A California special-education teacher is suspended after posting frustrations to her private Facebook page -- which isn't sufficiently private.

Chris Matyszczyk
2 min read
The post in question. CBS Los Angeles/Screenshot by Chris Matyszczyk/CNET

Teachers need to take a compulsory class.

It's called Facebook Privacy Controls 101.

It might help them avoid the situation currently occurring in Torrance, Calif., where a special-education teacher expressed herself a little too publicly on Facebook.

As the local Daily Breeze reported last week, the teacher, Suzanne Hutton, posted to her Facebook page:

Well I have an annual IEP this morning with lawyers and crazy parents. The student is a hot mess but so sweet! So after work I'm hitting happy hour at least I have something to look forward too!!! (sic) Deep breath...I'm going in.

An IEP is an Individualized Education Program. Perhaps these words, in private conversation, would have seemed like the normal banter of teachers who are often stressed.

However, even though she posted them to her private Facebook page, her words got out quicker than anyone might have conceived.
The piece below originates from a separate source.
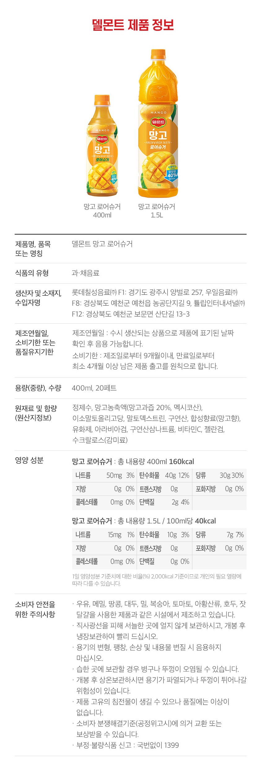 델몬트 망고주스 로우슈거 1.5L 12펫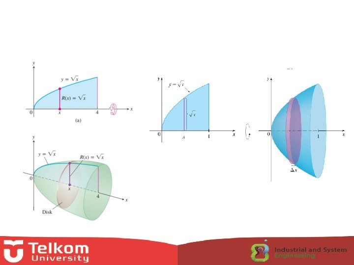 Contoh: Tentukan volume benda putar yang terjadi jika daerah D yang dibatasi oleh , sumbu x, dan garis x = 2 diputar terhadap sumbu x Jika irisan diputar terhadap sumbu x akan diperoleh cakram dengan jari-jari dan tebal Sehingga 2 Volume benda putar

It was just before 9 a.m. on December 5 that the post appeared. Just 15 minutes later, the parents of another child at the school had obtained a screen grab and sent it along to the school district's director of special education.

That's how fast technology works. Such speed resulted in Hutton being placed on administrative leave.
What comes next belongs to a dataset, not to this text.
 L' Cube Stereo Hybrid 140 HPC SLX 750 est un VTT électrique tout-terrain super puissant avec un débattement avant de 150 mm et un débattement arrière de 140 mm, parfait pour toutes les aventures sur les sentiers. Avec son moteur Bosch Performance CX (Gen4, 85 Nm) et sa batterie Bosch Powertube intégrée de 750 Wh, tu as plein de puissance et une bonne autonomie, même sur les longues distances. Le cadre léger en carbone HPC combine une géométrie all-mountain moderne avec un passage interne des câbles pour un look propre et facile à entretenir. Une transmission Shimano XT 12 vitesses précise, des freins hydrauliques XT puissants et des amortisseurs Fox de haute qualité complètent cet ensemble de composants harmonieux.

A schools district spokeswoman told the Daily Breeze: "The district is investigating the situation. The teacher has been placed on administrative leave during the investigation."

The scrutiny that social networking has brought upon people is, of course, self-inflicted. If you didn't feel the need to post there, no one would have the opportunity of incriminating you.

But teachers make for such easy targets.

Two years ago, a New Jersey teacher was suspended for posting that her students were "future criminals."

And last year, a Tennessee kindergarten teacher offered these heartfelt words about two of her students: "How bout I blasted both of them. The girl in my class hair is nappy almost every day and the boy wears dirty clothes, face nasty and can't even read. They didn't bother nobody else when I got through with them."

These are just two examples among many.

Of course, when teachers are seen to be disparaging about children -- especially those with special needs -- it's inevitable that parental outrage will ensue. Some parents are already calling for Hutton to be fired and never allowed to teach again.

The simplest thing, though, for teachers (and anyone else, for that matter) to learn is that Facebook and other parts of the Web are really the local town crier.

If you need to vent, do it to a real friend in the way that real friends do: over a beer, a private phone line, or a very large pizza at home.